### Provided entries:

....................

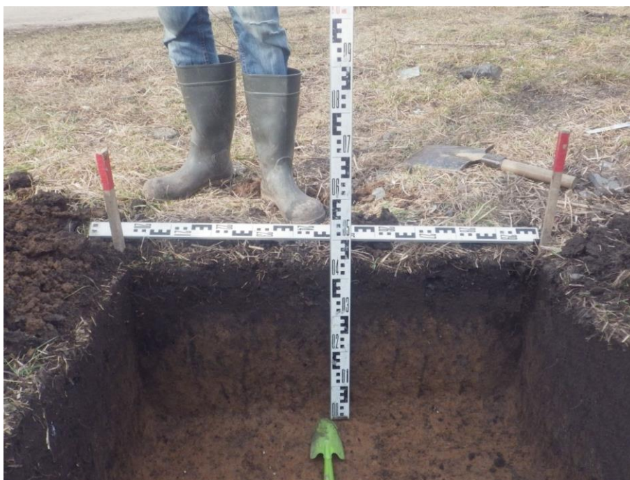
Ил.14. Нижегородская обл., Княгининский р-н, Ананьевский с/с, с. Егорьевское, ул. Осиновка, в 5 м на северо-запад от д. № 2. Шурф. Северный борт. Вид с юга.
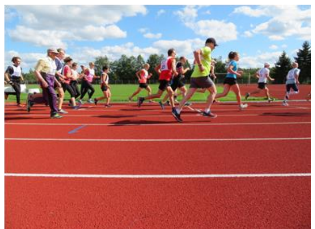
Kuula hölkkä juostiin lauantaipäivänä 18.8. Alavuden keskusurheilukentällä. Tapahtuma järjestettiin yhteistyössä Alavuden Urheiljoitten kanssa.
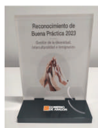
Premio a la Buena Práctica Laboral y de Empresa Gobierno de Aragón 2023
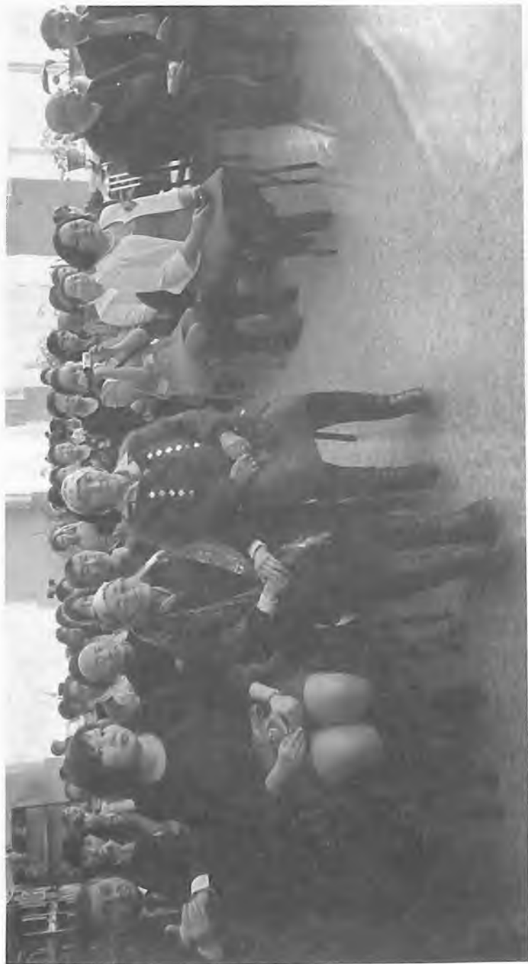
М.В. Чевалковтын адыла адалган библиотека, краеведение бөлүгү
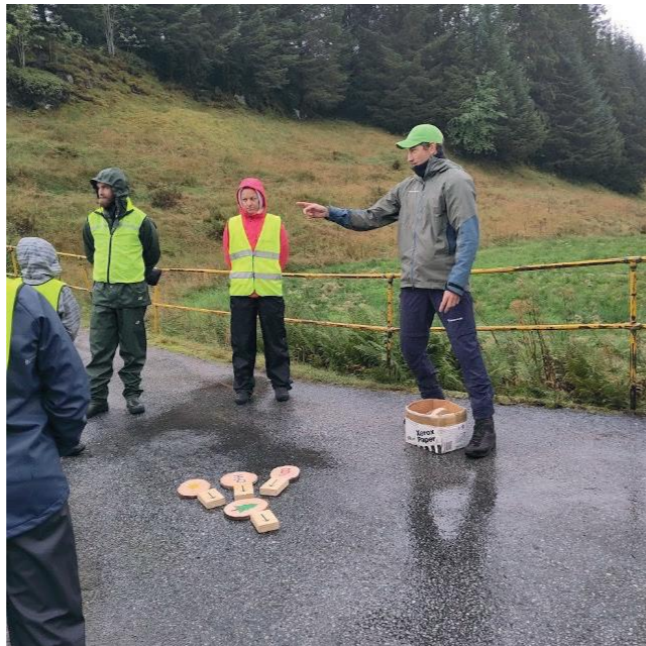
Frå plantedagen med Stavang skule.

På seinhausten vart folkehøgskular og vidaregåande skular i fylket besøkt for å formidle om utdanning- og karrieremoglegheiter i skogbruket på Vestlandet.
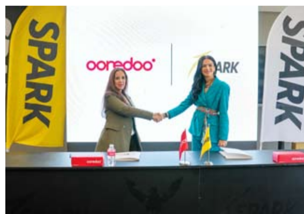
تجديد اتفاقية الشراكة
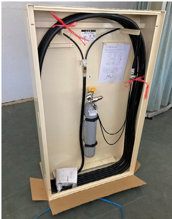
写真説明 体育館 パッケージ消火納入
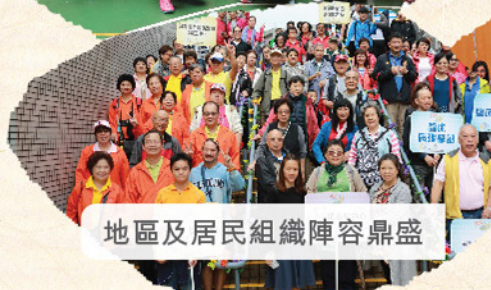
地區及居民組織陣容鼎盛
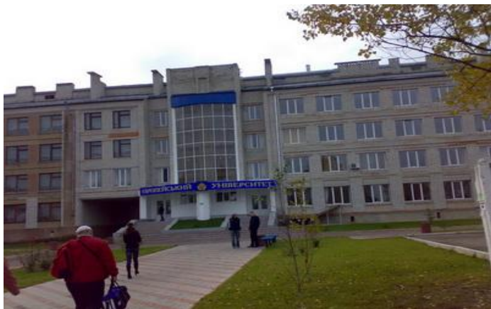
Будівля Житомирської філії Європейського університету, в якій проходила конференція
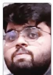
सक्षम सिन्हा छात्र

कैम्पस के बारे में पहले से सुनी बातों-यूनियनबाजी, गुटबंदी और झगड़े-मन में डर पैदा कर रही थीं। क्लास में जाने का साहस ही नहीं जुटा पा रहा था। तभी मैदान में कुछ सीनियर्स ने रोक लिया और वहीं मेरी 'क्लास' लग गई। किसी ने मेरे चश्मे और बालों में तेल देखकर मजाक उड़ाते हुए 'चम्पू' कह दिया। उस क्षण मैं बेहद असहज और छोटा महसूस करने लगा। आत्मसम्मान को ठेस पहुंची और मन भीतर तक आहत हो गया। उस दिन मैं बिना कुछ किए ही घर लौट आया और बिस्तर पर आँधे मुँह लेटकर देर तक रोता रहा। लगा जैसे यह दुनिया मेरे लिए नहीं बनी है। लेकिन अगले ही दिन हालात बदलने लगे। कुछ पुराने दोस्त घर आए, जिन्होंने उसी कॉलेज में दाखिला लिया था। उनसे खुलकर बात करने पर मन हल्का हुआ और भीतर कहीं हिम्मत जागी। उनके साथ कॉलेज जाना शुरू किया तो सब कुछ धीरे-धीरे आसान लगाने लगा। साथ में क्लास करना, लंच शेयर करना और कैम्पस में घूमना-इन छोटी-छोटी बातों ने मेरे अंदर आत्मविश्वास भर दिया। समय के
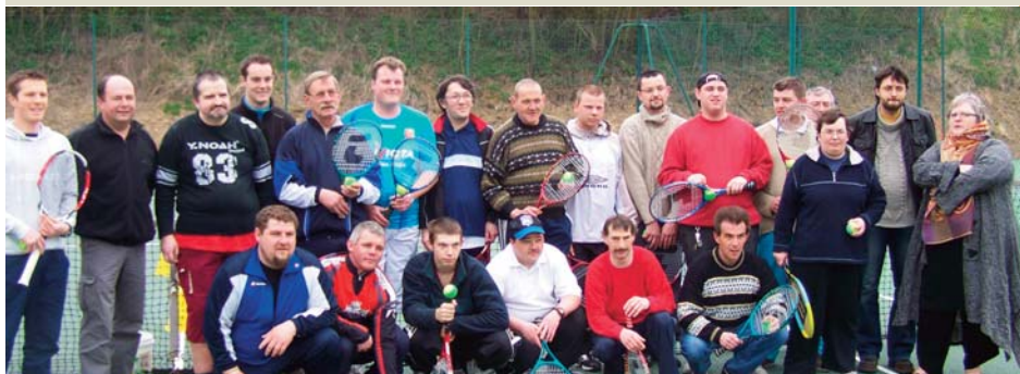
Comité Aisne : Initiatives à Viry Noureuil
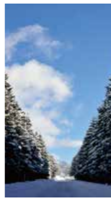
青空の道 [黒松内町/2016年1月] 下村 俊之(黒松内町) 雪の午後、一瞬現れた青空、木々と雪の道、青空のコントラストが美しい。
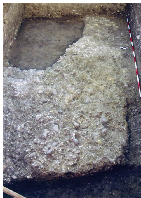
Fig. 4. Calle Losa nº6 a avenida de los Emigrantes nº16 [007]. Mejora del terreno asociada a la infraestructura [UE-71]. Romero et alii , 2002.

En la intervención arqueológica desarrollada en este solar se documentaron estructuras de cronología romana de las que se pueden relacionar con el circo las siguientes (Carrasco et alii , 2002; Romero et alii , 2002; García-Dils, 2015: 274-276) 11 . En la denominada Cuadrícula 1, sobre el sustrato geológico natural [UE-36], se detectó una capa de tierra de relleno y nivelación [UE-35], con unas cotas superiores comprendidas entre 101,00 y 101,21 m s.n.m.; a continuación, un nivel de grava de en torno a 0,10 m de potencia [UE-34], con unas cotas entre 99,95 y 101,28 m s.n.m.; por fin, una capa de unos 0,10 m de potencia media, compuesta por pequeños fragmentos de piedra caliza [UE-33], con unas cotas entre 101,00 y 101,30 m s.n.m. (Fig. 4). Por su parte, en la Cuadrícula 3, también sobre nivel natural [UE-36], se localizó una infraestructura lineal de opus
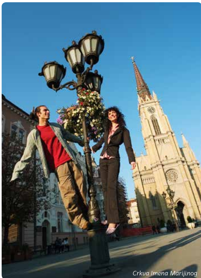
Crkva Imena Marijinog

Zmaj Jovina i Dunavska ulica, sa kućama i palatama raznobojnih fasada, mrežom bočnih ulica i pasaža, najslikovitiji je deo pešačke zone grada. Tu se nalazi raskošan Vladičanski dvor, Saborna crkva Sv. Đorđa i Zmaj Jovina gimnazija. Na Dunavsku ulicu nadovezuje se zeleno ostrvo grada – Dunavski park. Na samom obodu parka je izvanredna izložbena postavka Muzeja Vojvodine, a u blizini su i Muzej savremene umetnosti i Stalna prirodnjačka izložba.
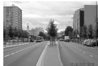
Il n'y a plus aucune place pour le vélo !

→ Relier le quartier à ses voisins et à la ville
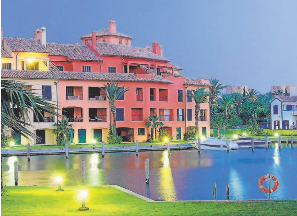
Viviendas de lujo en la urbanización Sotogrande, en el municipio gaditano de San Roque
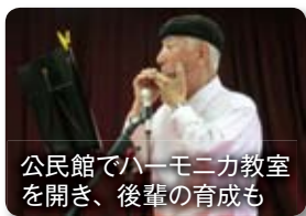
公民館でハーモニカ教室を開き、後輩の育成も
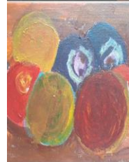
Manualidades AFA Lepe
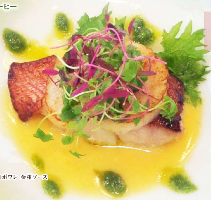
真鯛のポワレ 金柑ソース
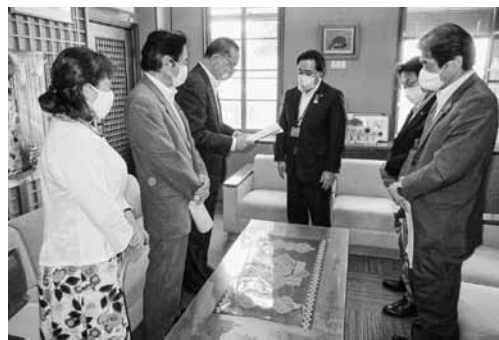
感染症対策に関する提言書を提出
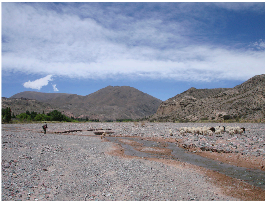
Figura 2. Ubicación: Dentro del apartado “Caminar juntos”. Guiando a las ovejas por la playa hacia el rastrojo.

que fueron el día anterior. Diversos autores (Dransart, 2002; Göbel, 2008; Elizaga, 2010 y Bugallo y Tomasi, 2012) han señalado este hablar a los animales como el resultado de la cohabitación íntima –tanto espacial como temporal– que involucra a estos con su pastor y lo han analizado como una expresión más de la antropomorfización que se hace de los rebaños domésticos en la región andina. Pero, para los pastores entrevistados, el hablar a los animales tiene, además, otras connotaciones, ya que sería otro modo mediante el cual estos pueden reconocerlo, darse cuenta del cariño que siente por ellos y de su estado de ánimo, factores que, a su vez, condicionan el comportamiento del rebaño ese día. Los animales percibirían esto a partir del aliento que emana del pastor, mediante una capacidad que los pastores definen como “instintiva”. Según un pastor ocumazeño:
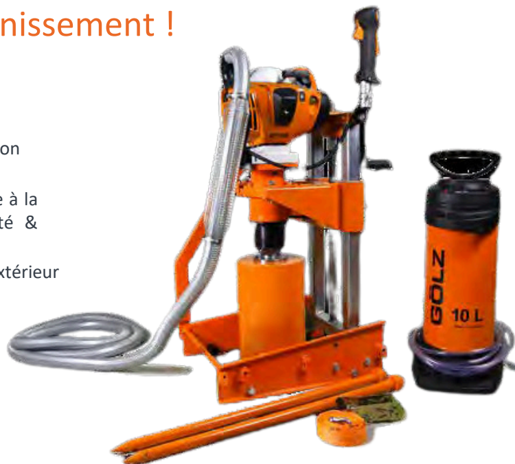
Moteur thermique STIHL FS560

Équipement standard pour utilisation dans l'assainissement :
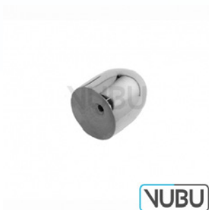
NABATOFF OLIVE ALLEIN 12,0MM
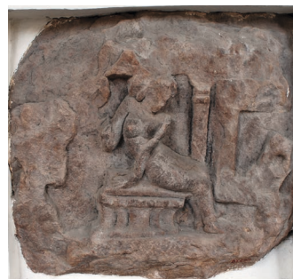
Figure 11. — Fragment d'une scène du Rāmāyaṇa : Sītā (?), X e siècle, Trà Kiệu (?) (Quảng Nam, Vietnam). Grès, hauteur env. 54 cm. Musée de la sculpture came de Đà Nẵng, n° d'inv. 45.4. (2007).
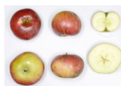
Haslinger € 3,00 - € 5,00
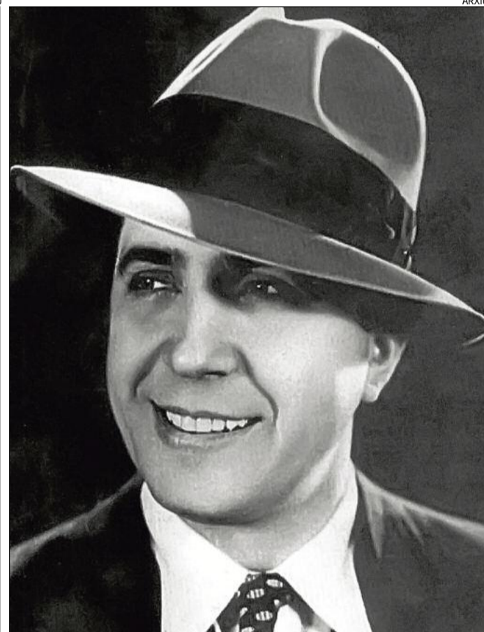
Carlos Gardel, l'heroi argentí enamorat de Barcelona

Gardel fou l'artista màxim del tango en una època en què aquesta cançó triomfava a tot Europa. Algú ha dit que fou ell el que tragué el tango de la taverna i el que el presentà i el féu admetre en societat. Jo havia estat massa amic de Gardel perquè ara
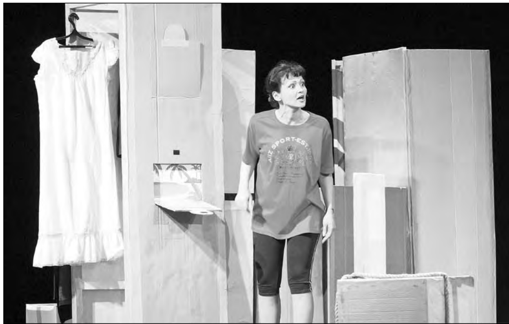
Сцена из спектакля «Целлофан» Кемеровского областного театра драмы.
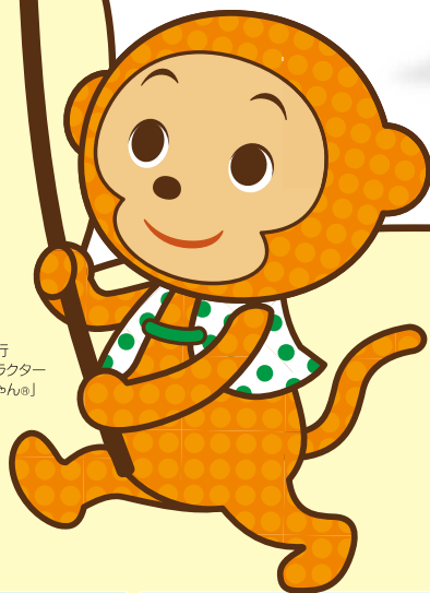
八十二銀行 オリジナルキャラクター 「はちの8ちゃん」

八十二銀行グループは、 全役職員が主体的に地域の課題解決に取り組み、 地域の皆様とともにSDGsが目指す持続可能な社会の 実現に努めてまいります。
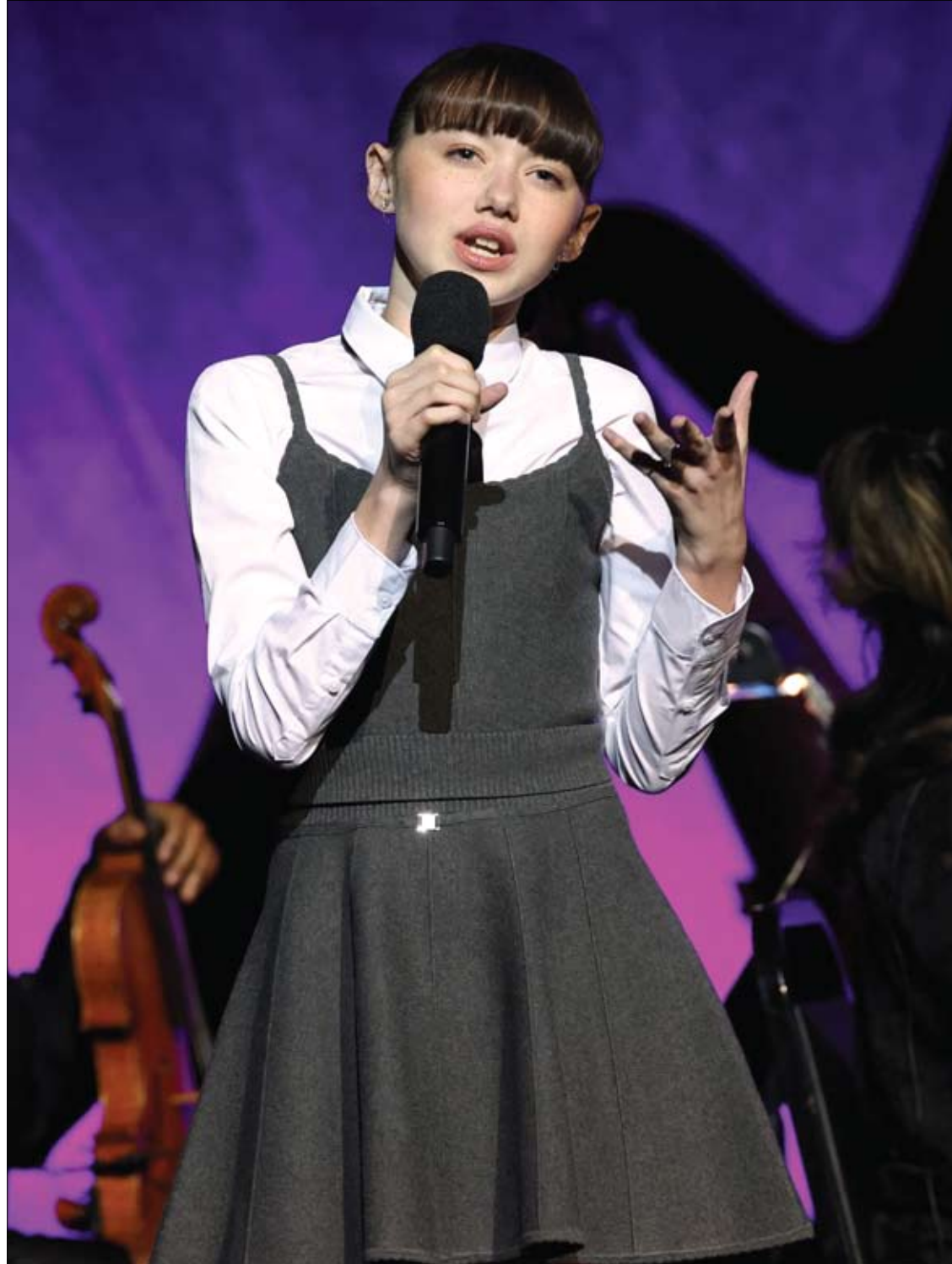
الممثلة الأمريكية فيوليت ماكجرو تتحدث على خشبة المسرح خلال عرض سينماكون 2025 بقصر سينرز في لاس فيجاس.

تشير الدكتورة تاتيانا بوبروفا أخصائية الطب العام إلى أن فصل الربيع يرتبط بالنسبة للعديد من الناس، بفترة تفاقم الأمراض المزمنة. ووفقا لها، تتفاقم في هذا الوقت، أمراض الجهاز الهضمي، مثل التهاب المعدة، والتهاب المرارة، وقرحة المعدة وقرحة الاثني عشر. ويرجع ذلك إلى الطبيعة الدورية للأمراض نفسها، والتغيرات في طول اليوم، والنظام الغذائي، بالإضافة إلى العوامل الداخلية، وفي مقدمتها نقص الفيتامينات والمعادن بعد فصل الشتاء. وتصحح الطبيبة للحفاظ على الجسم، بتناول كميات صغيرة من الطعام، وتجنب الصيام والإفراط في تناول الطعام، والحد من الأطعمة الحارة والدهنية والمقلية والمدخنة، والمشروبات الكحولية والغازية. مشيرة إلى أنه من الأفضل اتباع نظام غذائي يحتوي على الخضروات والفاكهة الطازجة والحبوب والأسماك واللحوم الخالية من الدهون. ويجب مراجعة الطبيب في حال ظهور أعراض تفاقم المرض. وقد تتفاقم أمراض القلب والأوعية الدموية نتيجة لتغيرات الطقس، وتغير مستوى الضغط الجوي، والعواصف المغناطيسية مثل ارتفاع مستوى ضغط الدم، وعدم انتظام ضربات القلب، والذبحة الصدرية. وإذا كان الشخص يعاني من مشكلات في القلب والأوعية الدموية فعليه مراقبة مستوى ضغط الدم وتجنب الإرهاق والتوتر كلما أمكن ذلك. كما عليه الحصول على قسط كاف من النوم والتجوال في الهواء الطلق. وتقول: "تتفاقم في الربيع أمراض الجهاز العضلي الهيكلي أيضا - التهاب المفاصل، وهشاشة العظام، وداء العظم الغضروفي. قد يكون هذا بسبب انخفاض حرارة الجسم (طقس الربيع خادع)، وتقلبات الضغط الجوي، وانخفاض النشاط البدني في الشتاء. كما أن مستوى فيتامين D، ينخفض جدا في فصل الشتاء، وهذا يلعب دورا أيضا".
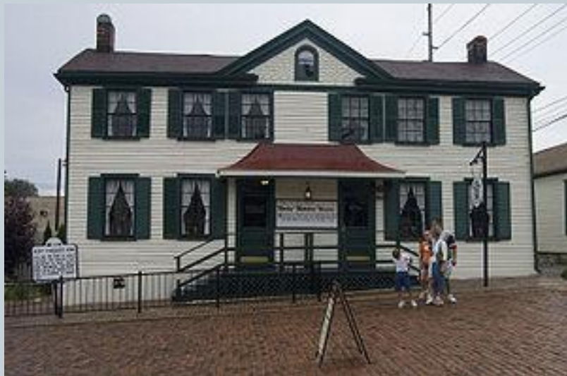
«Домик Бекки Тэтчер» (США, штат Миссури, г. Ганнибал)

Управление города Ганнибал, который расположен в штате Миссури США, предполагает отремонтировать «дом Бекки Тэтчер» и предоставить его для экскурсий как местную достопримечательность. Этот домик ранее принадлежал Лоре Хокинс, жившей в нём в 1840-е годы, которая, в своё время, и послужила Марку Твену прототипом к созданию образа Бекки для романа «Приключения Тома Сойера».
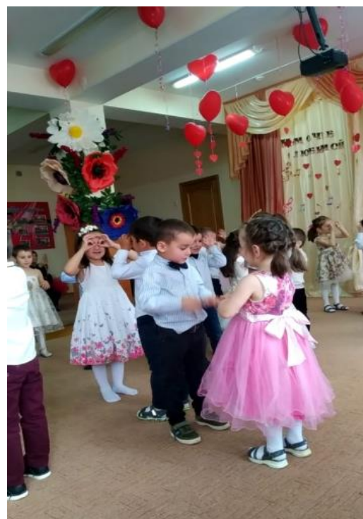
Танец «У меня, у тебя»
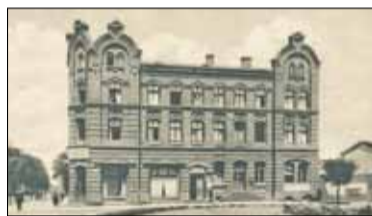
||| Historia - Śmierć racjonalizatora, cz.2 s. 6
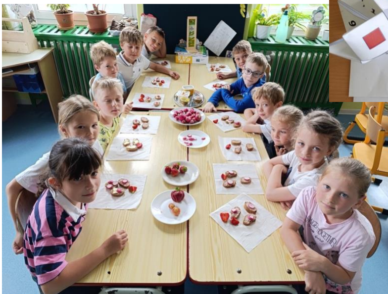
Základní škola a Mateřská škola Drmoul
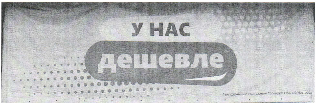
Фото № 2: Эскизное изображение рекламной конструкции

....................

### Your instructions:
Transcribe exactly, with no pictures, the lines running from the first line of the material through the line holding "Fig. 4. Calle".

### Finished task:
Ил.14. Нижегородская обл., Княгининский р-н, Ананьевский с/с, с. Егорьевское, ул. Осиновка, в 5 м на северо-запад от д. № 2. Шурф. Северный борт. Вид с юга.
Kuula hölkkä juostiin lauantaipäivänä 18.8. Alavuden keskusurheilukentällä. Tapahtuma järjestettiin yhteistyössä Alavuden Urheiljoitten kanssa.
Premio a la Buena Práctica Laboral y de Empresa Gobierno de Aragón 2023
М.В. Чевалковтын адыла адалган библиотека, краеведение бөлүгү
Frå plantedagen med Stavang skule.

På seinhausten vart folkehøgskular og vidaregåande skular i fylket besøkt for å formidle om utdanning- og karrieremoglegheiter i skogbruket på Vestlandet.
تجديد اتفاقية الشراكة
写真説明 体育館 パッケージ消火納入
地區及居民組織陣容鼎盛
Будівля Житомирської філії Європейського університету, в якій проходила конференція
सक्षम सिन्हा छात्र

कैम्पस के बारे में पहले से सुनी बातों-यूनियनबाजी, गुटबंदी और झगड़े-मन में डर पैदा कर रही थीं। क्लास में जाने का साहस ही नहीं जुटा पा रहा था। तभी मैदान में कुछ सीनियर्स ने रोक लिया और वहीं मेरी 'क्लास' लग गई। किसी ने मेरे चश्मे और बालों में तेल देखकर मजाक उड़ाते हुए 'चम्पू' कह दिया। उस क्षण मैं बेहद असहज और छोटा महसूस करने लगा। आत्मसम्मान को ठेस पहुंची और मन भीतर तक आहत हो गया। उस दिन मैं बिना कुछ किए ही घर लौट आया और बिस्तर पर आँधे मुँह लेटकर देर तक रोता रहा। लगा जैसे यह दुनिया मेरे लिए नहीं बनी है। लेकिन अगले ही दिन हालात बदलने लगे। कुछ पुराने दोस्त घर आए, जिन्होंने उसी कॉलेज में दाखिला लिया था। उनसे खुलकर बात करने पर मन हल्का हुआ और भीतर कहीं हिम्मत जागी। उनके साथ कॉलेज जाना शुरू किया तो सब कुछ धीरे-धीरे आसान लगाने लगा। साथ में क्लास करना, लंच शेयर करना और कैम्पस में घूमना-इन छोटी-छोटी बातों ने मेरे अंदर आत्मविश्वास भर दिया। समय के
Comité Aisne : Initiatives à Viry Noureuil
青空の道 [黒松内町/2016年1月] 下村 俊之(黒松内町) 雪の午後、一瞬現れた青空、木々と雪の道、青空のコントラストが美しい。
Fig. 4. Calle Losa nº6 a avenida de los Emigrantes nº16 [007]. Mejora del terreno asociada a la infraestructura [UE-71]. Romero et alii , 2002.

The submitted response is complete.